In this activity you will use the data set “Kew Museum of Economic Botany: Object Dispersals to Schools, 1877-1982” which “is a record of object dispersals from the Kew Museum of Economic Botany to schools between 1877 and 1982” that “is based on entries in the ‘Specimens Distributed’ books (or exit books) in the Museum archive.” The source of the data set can be found at https://figshare.com/articles/Schools_dispersals_data_with_BHL_links/9573956 This activity is a good practice for a real-world scenario because it simulates being given a random data set that you must process and analyze when you have no prior connection to the data set.

Steps

  1. The CSV “schools_dispersals_data_with_bhl_links.csv” can be downloaded from the link used above https://figshare.com/articles/dataset/Schools_dispersals_data_with_BHL_links/9573956. Once on the website click the “Download” button. Or you may use the direct link to the download: https://ndownloader.figshare.com/files/17208041
  2. Using a command line application on your computer, use the scp command to copy the CSV file from your local computer to the edge node of your Hadoop cluster. Then use the hadoop fs -put command to copy the CSV file from your edge node to HDFS. 
  3. Once the CSV file is in HDFS we can now use it to make a Spark DataFrame. Use any of the methods we introduced in Section 1.3 to read CSV files from HDFS to create a DataFrame. Be sure to use the parameter inferSchema to try to infer the schema from the data. Save the DataFrame using the variable name df. 
  4. Print the schema of the DataFrame. Compare the schema of the DataFrame with the sample data view on the website page link provided in Step 1 to see if the schema matches the data. 
  5. From inspecting the DataFrames schema we see there are a total of fifteen columns with two integer columns and the rest are strings. Also, right away we notice that the column names are long, verbose, and include spaces. We need to rename every column to names that are succinct and have no spaces. Rename all fifteen columns to the column names as follows:
"event_date_string"
"period"
"page_number"
"recipient_name"
"formal_school_name"
"name"
"school_name"
"city"
"level_of_study"
"school_type"
"denomination_or_org"
"object_count"
"event_info"
"book_link_1"
"book_link_2"

Hint: watch out for column names with extra spaces.

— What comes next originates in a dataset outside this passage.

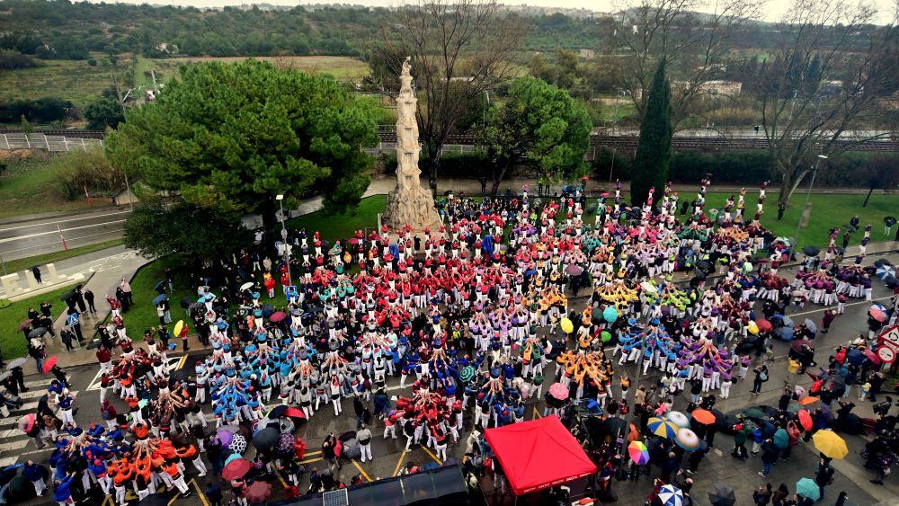 L’acte ha consistit en l’alçament simultani d’un centenar de pilars de quatre, situats al voltant del Monument als Castellers, obra escultòrica realitzada per Josep Cañas, que enguany celebra mig segle des de la seva inauguració. Aquesta imatge ha destacat per la seva espectacularitat visual i simbolisme, mostrant tant la coordinació com la cohesió entre les diferents agrupacions participants.

  1. Now we can look at the data. Display the first thirty rows of the DataFrame.
  2. The last two columns, "book_link_1" and "book_link_2", are just URL links. In addition, the columns are full of blank, null, or missing data. Drop the two book link columns.
  3. The column "event_date_string” has a string data type because it is not properly formatted for a date. Instead of "/" or "-" it uses dots ".". Create a new date column that has a date type of "date" with the name "event_date".

    Hint: the normal way of converting a column to another data type won’t work because Spark cannot interpret the format of the strings. It will need to be explicitly told how to make a date out of the strings. Research the PySpark or Spark Scala function to_date.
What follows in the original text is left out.